[Supplied data — start]

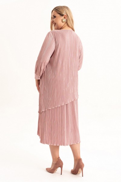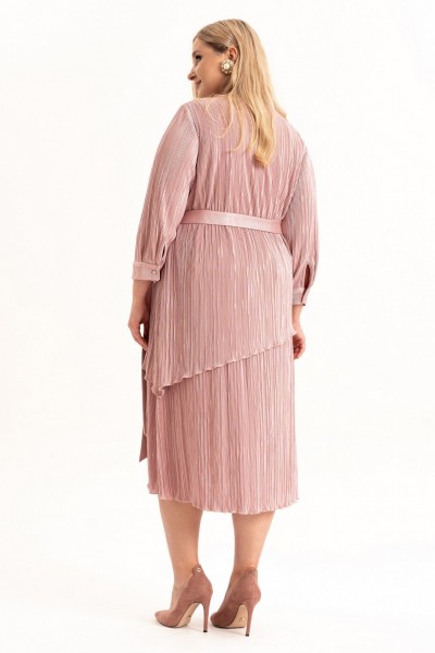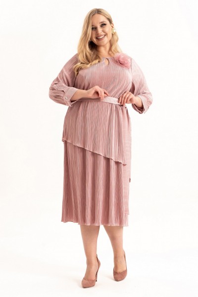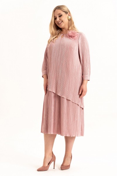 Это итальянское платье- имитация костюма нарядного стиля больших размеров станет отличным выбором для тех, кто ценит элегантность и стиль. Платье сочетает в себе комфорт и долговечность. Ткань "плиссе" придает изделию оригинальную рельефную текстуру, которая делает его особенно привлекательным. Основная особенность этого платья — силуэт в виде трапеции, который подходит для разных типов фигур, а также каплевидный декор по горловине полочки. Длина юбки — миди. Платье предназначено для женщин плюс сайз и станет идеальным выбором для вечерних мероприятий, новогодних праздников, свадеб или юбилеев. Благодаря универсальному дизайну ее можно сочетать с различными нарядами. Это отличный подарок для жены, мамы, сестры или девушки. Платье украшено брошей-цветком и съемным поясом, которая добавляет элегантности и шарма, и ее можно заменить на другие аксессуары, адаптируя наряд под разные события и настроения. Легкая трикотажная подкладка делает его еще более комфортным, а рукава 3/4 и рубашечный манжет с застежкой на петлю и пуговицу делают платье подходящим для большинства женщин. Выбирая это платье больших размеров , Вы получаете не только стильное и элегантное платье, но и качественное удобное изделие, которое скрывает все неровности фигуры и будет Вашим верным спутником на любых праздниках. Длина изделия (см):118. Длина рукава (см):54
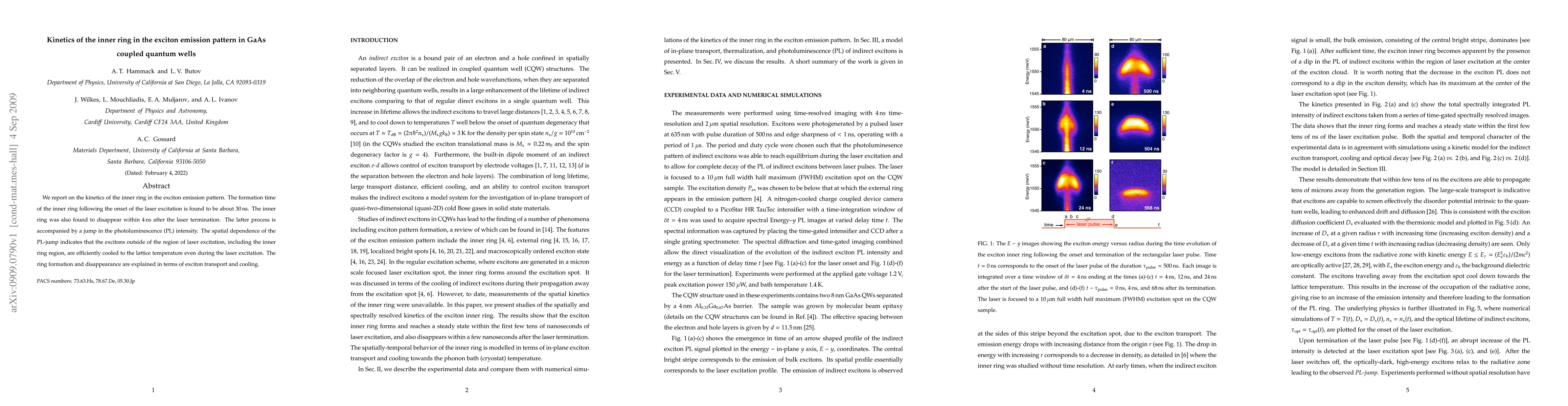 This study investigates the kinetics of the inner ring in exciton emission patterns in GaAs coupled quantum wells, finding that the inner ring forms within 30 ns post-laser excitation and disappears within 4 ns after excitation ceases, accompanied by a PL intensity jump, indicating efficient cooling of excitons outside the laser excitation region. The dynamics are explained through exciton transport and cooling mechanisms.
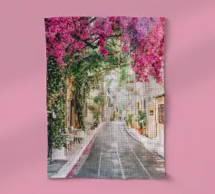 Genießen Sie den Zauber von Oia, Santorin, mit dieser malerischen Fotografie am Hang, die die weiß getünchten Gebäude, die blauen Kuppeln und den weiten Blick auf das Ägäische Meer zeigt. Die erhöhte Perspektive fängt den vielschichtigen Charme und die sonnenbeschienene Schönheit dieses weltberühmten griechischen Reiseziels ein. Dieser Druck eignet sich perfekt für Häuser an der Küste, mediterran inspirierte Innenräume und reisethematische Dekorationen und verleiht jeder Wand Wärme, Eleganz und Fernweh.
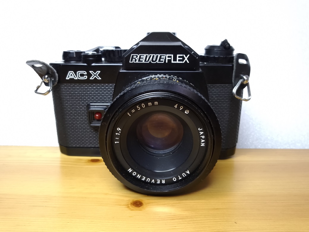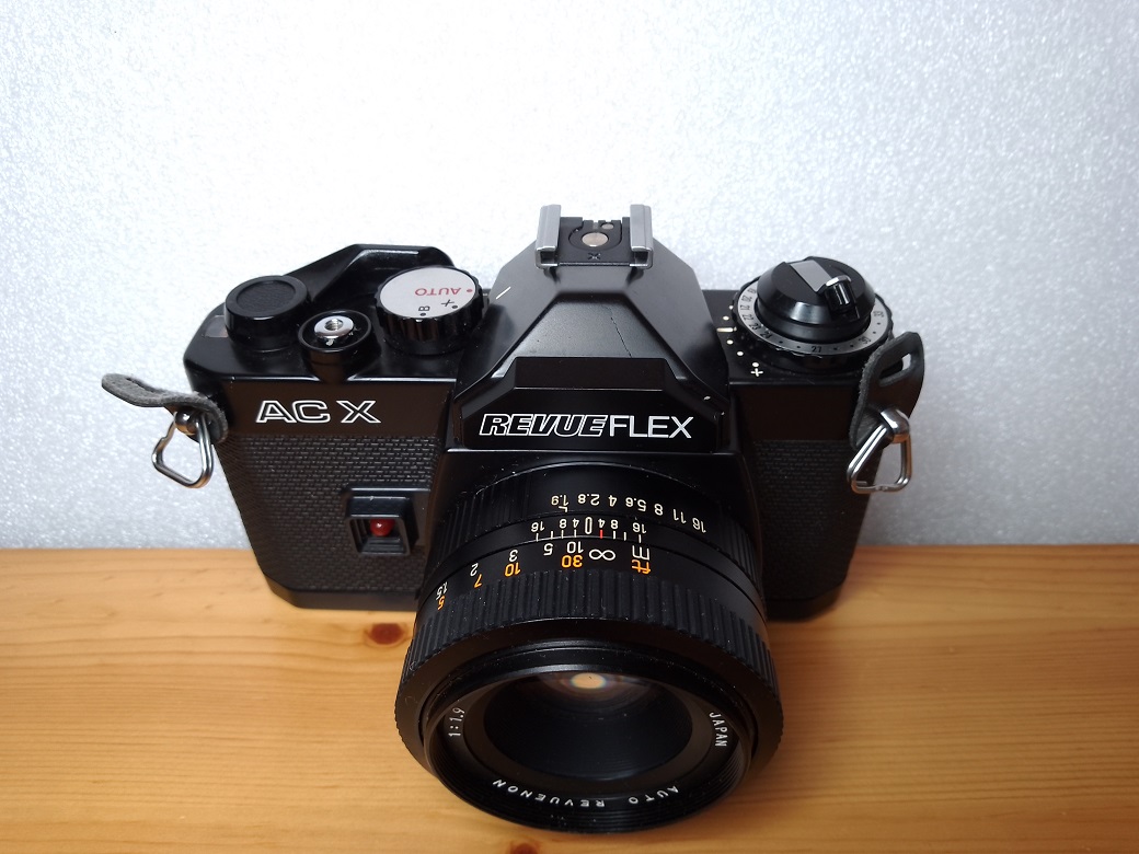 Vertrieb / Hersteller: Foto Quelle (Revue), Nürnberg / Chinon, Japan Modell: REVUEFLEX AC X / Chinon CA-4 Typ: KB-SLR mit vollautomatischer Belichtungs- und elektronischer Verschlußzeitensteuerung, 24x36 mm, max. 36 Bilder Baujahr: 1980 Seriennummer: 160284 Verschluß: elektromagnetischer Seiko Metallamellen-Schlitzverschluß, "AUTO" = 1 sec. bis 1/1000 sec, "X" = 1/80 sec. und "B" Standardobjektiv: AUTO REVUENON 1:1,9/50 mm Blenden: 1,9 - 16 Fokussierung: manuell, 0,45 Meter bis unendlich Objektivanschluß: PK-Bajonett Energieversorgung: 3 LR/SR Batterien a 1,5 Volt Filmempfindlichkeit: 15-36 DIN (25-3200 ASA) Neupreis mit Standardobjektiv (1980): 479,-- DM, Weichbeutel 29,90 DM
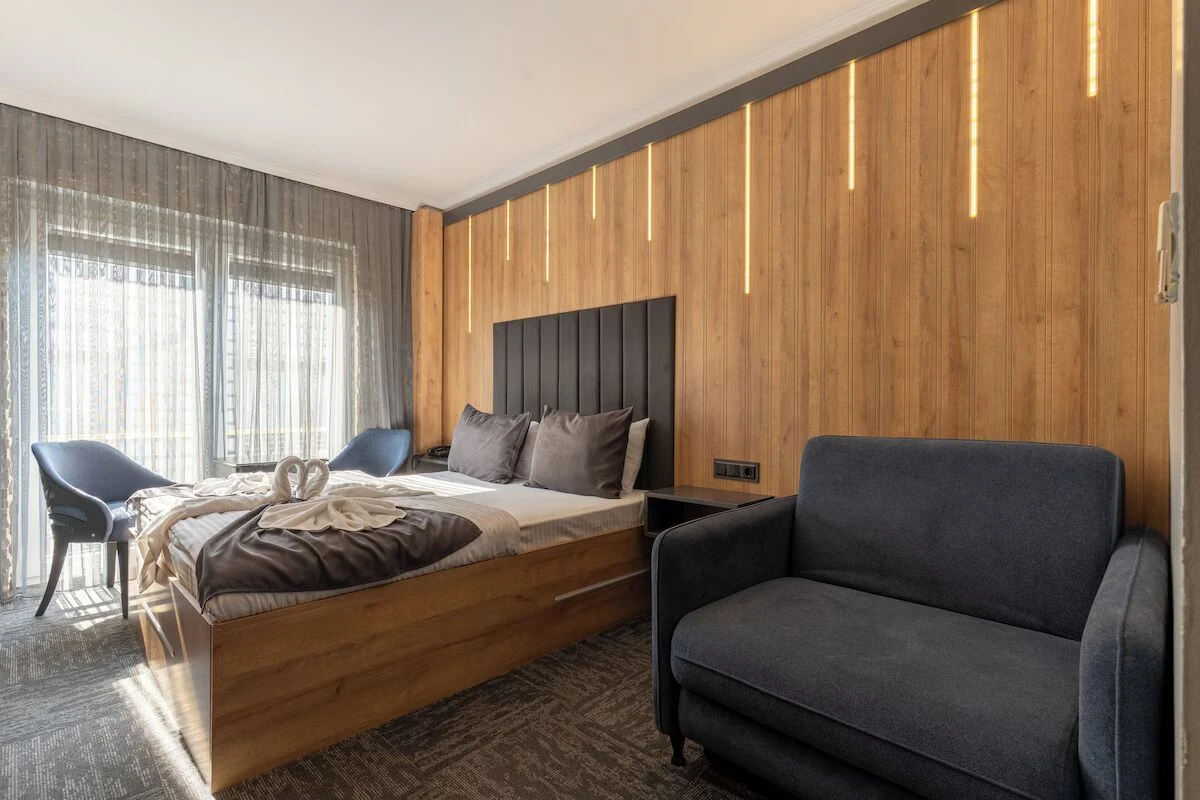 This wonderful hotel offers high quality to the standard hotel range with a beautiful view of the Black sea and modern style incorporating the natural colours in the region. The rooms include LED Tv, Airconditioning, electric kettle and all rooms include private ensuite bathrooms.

[Supplied data — finish]

# [What the exercise asks]
The records above should be returned exactly, with only their pictures held back.

# [Expected answer]
 Это итальянское платье- имитация костюма нарядного стиля больших размеров станет отличным выбором для тех, кто ценит элегантность и стиль. Платье сочетает в себе комфорт и долговечность. Ткань "плиссе" придает изделию оригинальную рельефную текстуру, которая делает его особенно привлекательным. Основная особенность этого платья — силуэт в виде трапеции, который подходит для разных типов фигур, а также каплевидный декор по горловине полочки. Длина юбки — миди. Платье предназначено для женщин плюс сайз и станет идеальным выбором для вечерних мероприятий, новогодних праздников, свадеб или юбилеев. Благодаря универсальному дизайну ее можно сочетать с различными нарядами. Это отличный подарок для жены, мамы, сестры или девушки. Платье украшено брошей-цветком и съемным поясом, которая добавляет элегантности и шарма, и ее можно заменить на другие аксессуары, адаптируя наряд под разные события и настроения. Легкая трикотажная подкладка делает его еще более комфортным, а рукава 3/4 и рубашечный манжет с застежкой на петлю и пуговицу делают платье подходящим для большинства женщин. Выбирая это платье больших размеров , Вы получаете не только стильное и элегантное платье, но и качественное удобное изделие, которое скрывает все неровности фигуры и будет Вашим верным спутником на любых праздниках. Длина изделия (см):118. Длина рукава (см):54
 This study investigates the kinetics of the inner ring in exciton emission patterns in GaAs coupled quantum wells, finding that the inner ring forms within 30 ns post-laser excitation and disappears within 4 ns after excitation ceases, accompanied by a PL intensity jump, indicating efficient cooling of excitons outside the laser excitation region. The dynamics are explained through exciton transport and cooling mechanisms.
 Genießen Sie den Zauber von Oia, Santorin, mit dieser malerischen Fotografie am Hang, die die weiß getünchten Gebäude, die blauen Kuppeln und den weiten Blick auf das Ägäische Meer zeigt. Die erhöhte Perspektive fängt den vielschichtigen Charme und die sonnenbeschienene Schönheit dieses weltberühmten griechischen Reiseziels ein. Dieser Druck eignet sich perfekt für Häuser an der Küste, mediterran inspirierte Innenräume und reisethematische Dekorationen und verleiht jeder Wand Wärme, Eleganz und Fernweh.
 Vertrieb / Hersteller: Foto Quelle (Revue), Nürnberg / Chinon, Japan Modell: REVUEFLEX AC X / Chinon CA-4 Typ: KB-SLR mit vollautomatischer Belichtungs- und elektronischer Verschlußzeitensteuerung, 24x36 mm, max. 36 Bilder Baujahr: 1980 Seriennummer: 160284 Verschluß: elektromagnetischer Seiko Metallamellen-Schlitzverschluß, "AUTO" = 1 sec. bis 1/1000 sec, "X" = 1/80 sec. und "B" Standardobjektiv: AUTO REVUENON 1:1,9/50 mm Blenden: 1,9 - 16 Fokussierung: manuell, 0,45 Meter bis unendlich Objektivanschluß: PK-Bajonett Energieversorgung: 3 LR/SR Batterien a 1,5 Volt Filmempfindlichkeit: 15-36 DIN (25-3200 ASA) Neupreis mit Standardobjektiv (1980): 479,-- DM, Weichbeutel 29,90 DM
 This wonderful hotel offers high quality to the standard hotel range with a beautiful view of the Black sea and modern style incorporating the natural colours in the region. The rooms include LED Tv, Airconditioning, electric kettle and all rooms include private ensuite bathrooms.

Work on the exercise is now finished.